- Directed by: Moris Freiburghaus
- Written by: Moris Freiburghaus Dino Brandão
- Produced by: Fabiana Seitz Moris Freiburghaus Leon Schwitter
- Starring: Dino Brandão Iseh Kissacah Moris Freiburghaus Tillmann Ostendarp
- Cinematography: Ramón Königshausen
- Edited by: Michael Karrer
- Music by: Dino Brandão
- Production company: Sabotage Filmkollektiv GmbH
- Distributed by: Outside The Box Sarl Distribution
- Release date: September 2025 (Zurich Film Festival);
- Running time: 94 minutes
- Country: Switzerland
- Languages: French, English, Portuguese, German

= I Love You, I Leave You =

Swiss documentary film

I Love You, I Leave You is a Swiss documentary film directed by Moris Freiburghaus and written by Freiburghaus and singer Dino Brandão. The film follows Brandão during a manic episode and documents the efforts of his friends and family to support him while navigating interactions with healthcare institutions and law enforcement.

The film premiered at the 21st Zurich Film Festival on 28 September 2025, where it won the Golden Eye for Best Documentary and the Audience Award, becoming the first Swiss film to win the documentary competition at the festival.

== Plot ==
After visiting Angola, the homeland of his father, musician Dino Brandão experiences a manic episode that begins to affect his relationships with those around him. His sister, mother, and partner struggle to reach him as his behaviour becomes increasingly erratic.

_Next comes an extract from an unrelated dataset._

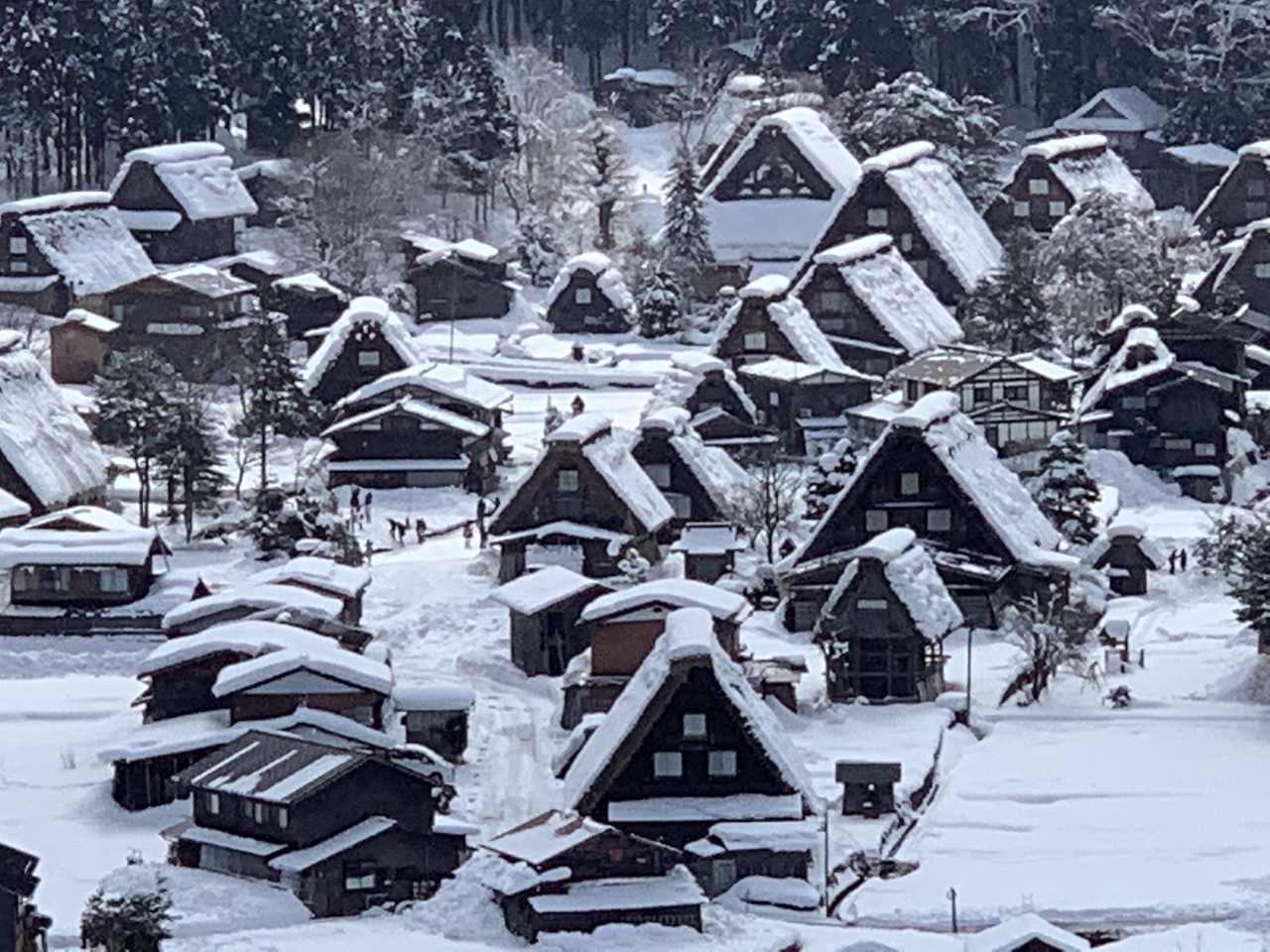 冬の積雪期に訪問。展望台までは車、徒歩、シャトルバスで行けます。茅葺き屋根の集落が一望でき絶景です。駐車場は多少あるので車でも行けます。シャトルバスも並んでいる人が少なければ便利。徒歩は坂道がアイスバーンでかなり滑るのでスパイクが無ければやめたほうがいいです。

Concerned for his wellbeing, Brandão's close friend Moris Freiburghaus travels to stay with him and attempts to support him during the episode. Brandão resists clinical treatment and medication, which leads to repeated conflicts with authorities and several police interventions. As the situation escalates, Freiburghaus and Brandão's father try to find ways to help him while balancing their own emotional strain.

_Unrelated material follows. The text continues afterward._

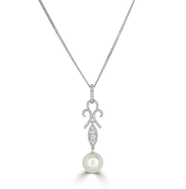 18ct White Gold Akoya Cultured Pearl and Diamond Pendant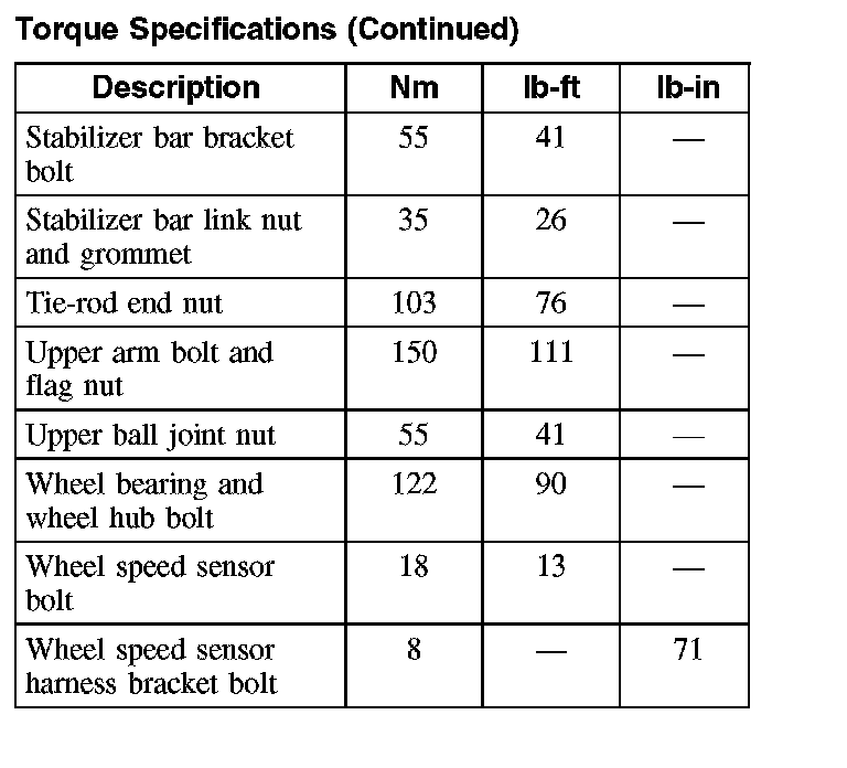 Torque Specifications

The film incorporates footage filmed by Freiburghaus as well as material recorded by Brandão himself, including self-recorded video and scenes documenting daily interactions with friends, family, and institutions.

== Cast ==

- Dino Brandão
- Iseh Kissacah
- Moris Freiburghaus
- Tillmann Ostendarp

== Production ==
I Love You, I Leave You developed from a long-standing collaboration between director Moris Freiburghaus and Dino Brandão. Ten years before the documentary, the two had made a short film about Brandão's first hospitalization. According to Freiburghaus, the project began after Brandão was admitted to a clinic again in 2023 during a manic-psychotic episode, prompting the two to revisit the subject. Freiburghaus and Brandão, together with Brandão's family, later decided to document the episode and its aftermath on film.

The film was produced by Sabotage Filmkollektiv GmbH, with Fabiana Seitz, Freiburghaus and Leon Schwitter serving as producers.

The film's soundtrack was composed and recorded by Brandão in collaboration with his band and other musicians. Some of the songs were written during the manic episode documented in the film. The soundtrack was released on 6 November 2025, the same day the film opened in Swiss cinemas.

== Release ==
I Love You, I Leave You premiered at the Zurich Film Festival in September 2025, where it won the Golden Eye for Best Documentary and the Audience Award, and also received a special mention from the festival's Critics’ Jury.

It was released in Switzerland on 6 November 2025, distributed by Outside the Box Sarl Distribution.

In January 2026, the film screened at the Solothurn Film Festival.

== Reception ==
A review for OutNow described I Love You, I Leave You as an intimate documentary that offers a close look at the effects of mental illness on both the individual experiencing it and those around them. The reviewer noted that the film balances moments of humor with the seriousness of Brandão's manic episode, highlighting interactions between Brandão, his family, and friend Moris Freiburghaus.